DNA Hemophilia A Mutation Evaluation

• Transaction code: 3250-02
• CPT codes (suggested): 83890, 83898 (x33), 83908 (x2), 83904 (x34), 83909, 83892, 83894, 83912

Severe patients that are negative for the DNA Factor VIII inversion or patients that have moderate or mild hemophilia can be evaluated for mutations. Through our current screening methods, a mutation is found ~90-95% of the time. A reference for the DNA FVIII mutation database can be found at: HAMSTeRS.

If the specific mutation cannot be identified, intragenic linkage is often useful to trace the affected allele through the family tree by following 5 polymorphic sites. Linkage studies also help identify the de novo origin of mutations in families with an isolated occurrence (eg: maternal grandparents).

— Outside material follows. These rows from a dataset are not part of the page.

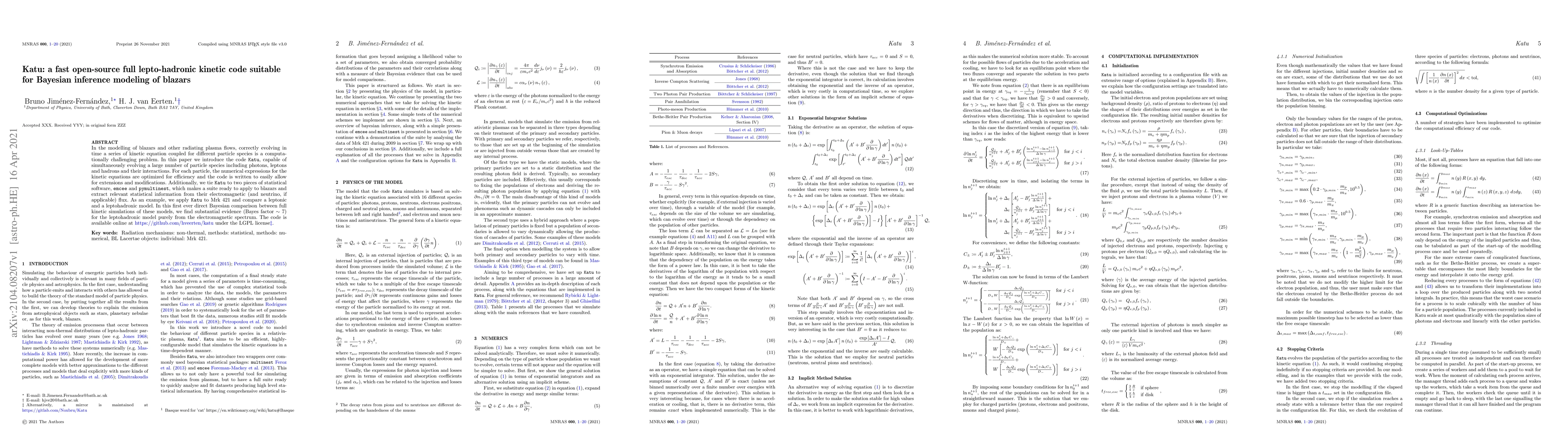 A new open-source code called Katu has been developed to simulate kinetic interactions in blazars, showing substantial evidence for a leptohadronic model over a leptonic one, with a Bayes factor of around 7.
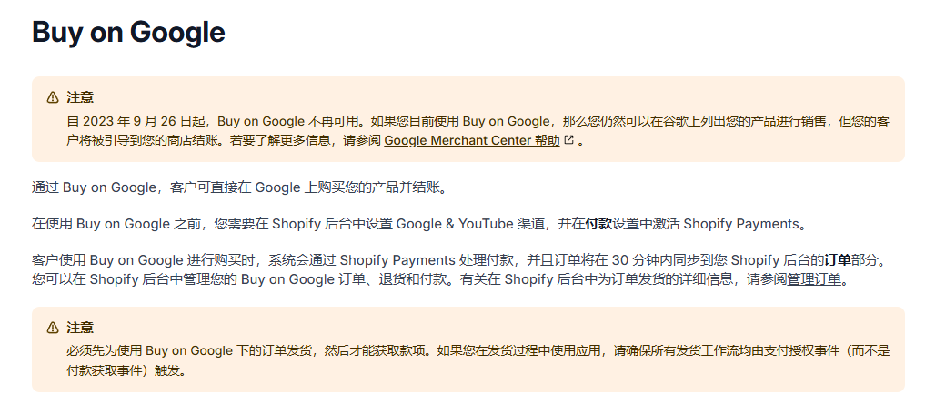 图:Saas平台上对谷歌商家的通知,他们无法再使用“Buy on Google”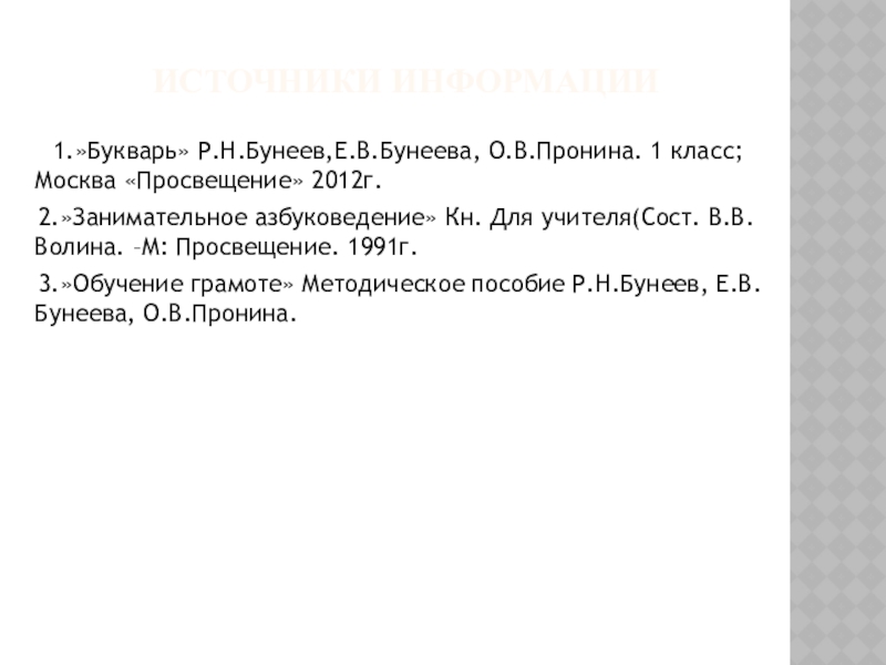 1.»Букварь» Р.Н.Бунеев,Е.В.Бунеева, О.В.Пронина. 1 класс; Москва «Просвещение» 2012г.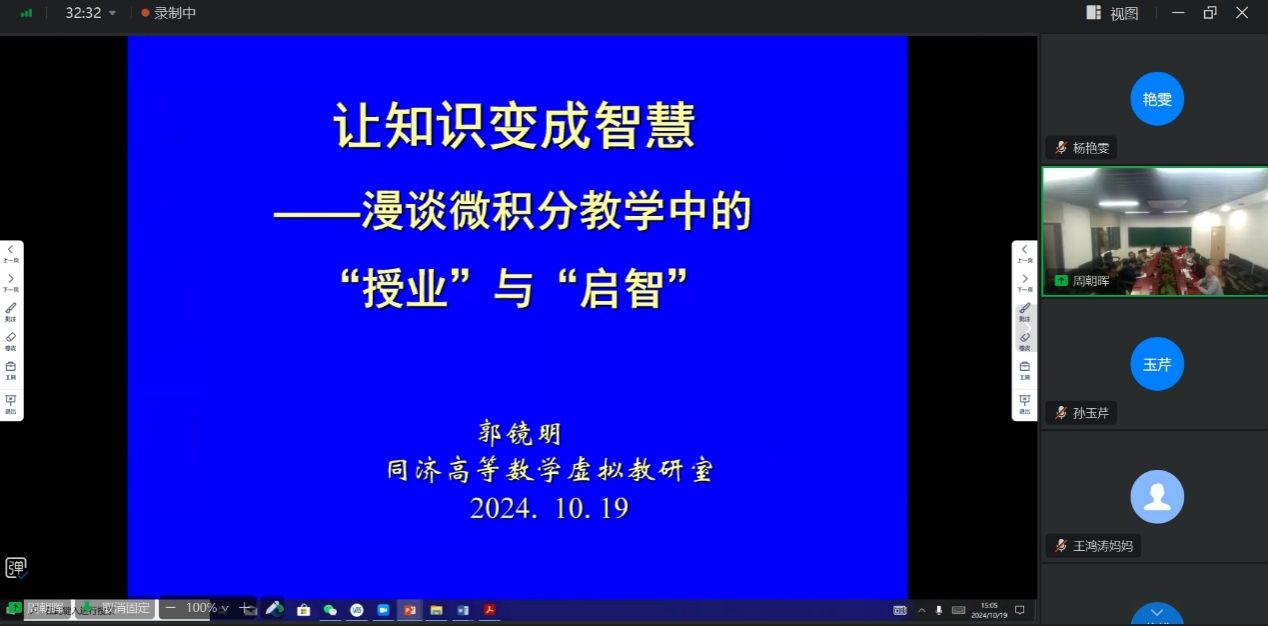郭教授还结合自己四十余年的数学基础课教学实践经验,分享了一些处理和组织教学内容的具体案例。他强调,对于微积分中的基本概念和定理,教师应避免照本宣科,而是要用自己的语言解释清楚它们的数学内涵和重要意义。此外,他还提倡在教学中渗透建模思想,加强对概念、理论和方法的几何、物理背景及应用场景的介绍,并注重培养学生对数值的直觉和敏感性,以及对数学史料的灵活运用。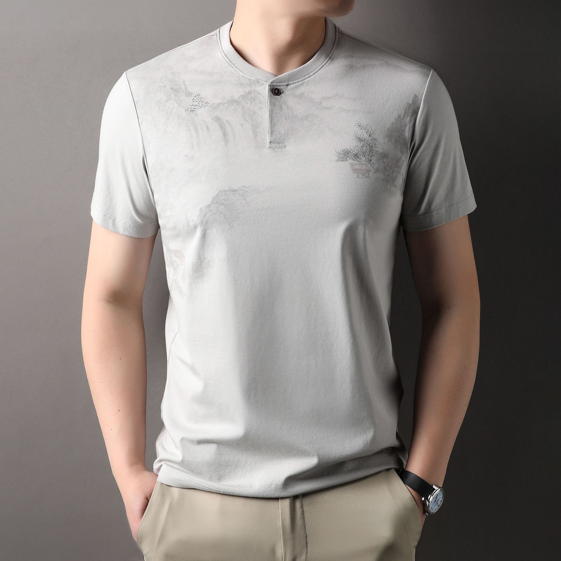 2025夏の新型シルク綿半袖tシャツ男性ファッションカジュアル中国風綿麻立襟男性半袖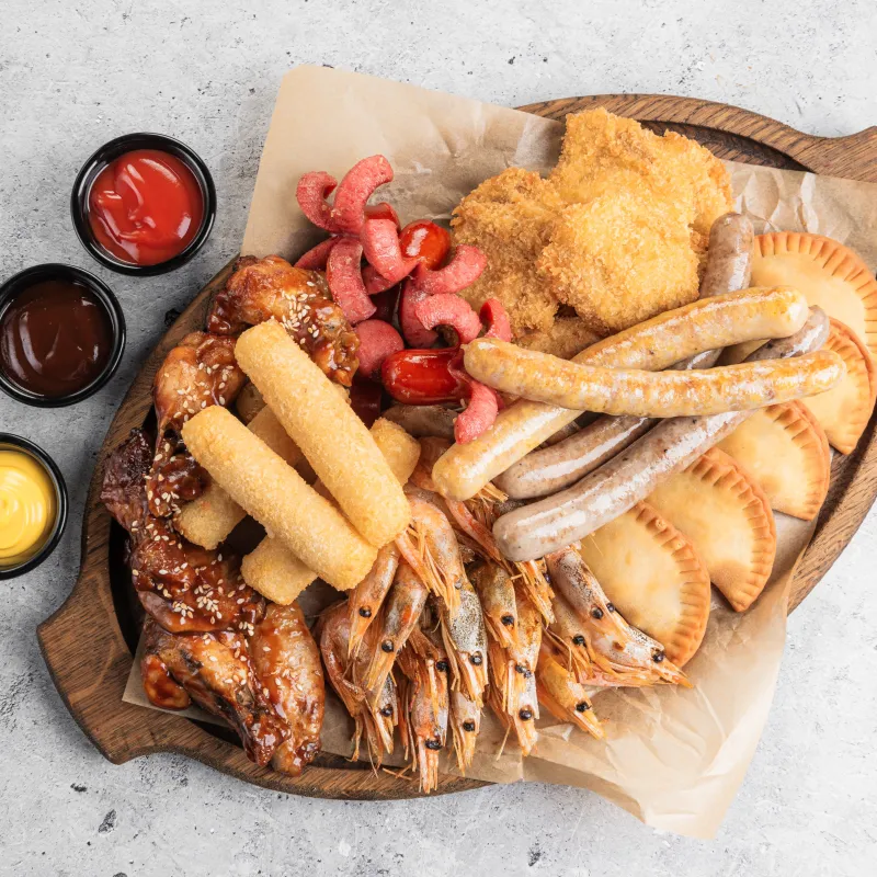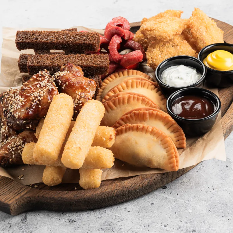 (Куриные наггетсы, чебуреки, крылышки, креветки пивные, сырные палочки, кнут, колбаски куриные, охотничьи)

Intragenic linkage may be useful in 80-90% of families where key family members (patient and both parents of potential carrier) are available.

Method
For approximately half of the severe hemophilia A patients (and moderate cases with FVIII levels of ~1%), the DNA Factor VIII Inversion will be negative. For these patients, along with the moderate and mild patients, the Hemophilia A Mutation Evaluation will be performed to identify the mutation. A MDE (mutation detection enhancement) screen will be performed initially and if needed, will be followed by a sequence screen. Once identified, the genotype will be tested by confirmation analysis.

Confirmation is performed one of two ways. If the mutation creates/removes a restriction enzyme digestion site, the testing will be performed by RFLP. If a restriction enzyme digestion site is not present, testing will be done by sequencing the exon in which the mutation is located.

Test Details

• Turnaround Time: FVIII inversion testing takes 1-2 weeks. If the mutation is unknown an evaluation will be performed, which may take an additional month. If the mutation is identified, screening for family members takes 1-2 weeks.
• Sample Requirements: 5-10mL whole blood drawn in EDTA and shipped at 4°C or ambient temperature is acceptable. Refer to the sample requirements page for more information on shipping.
• Analysis of amniocytes can be performed on cultured amniocytes. Two T-25 flasks of cells cultured to confluency will be accepted. Puget Sound Blood Center does not have facilities to culture amniocytes.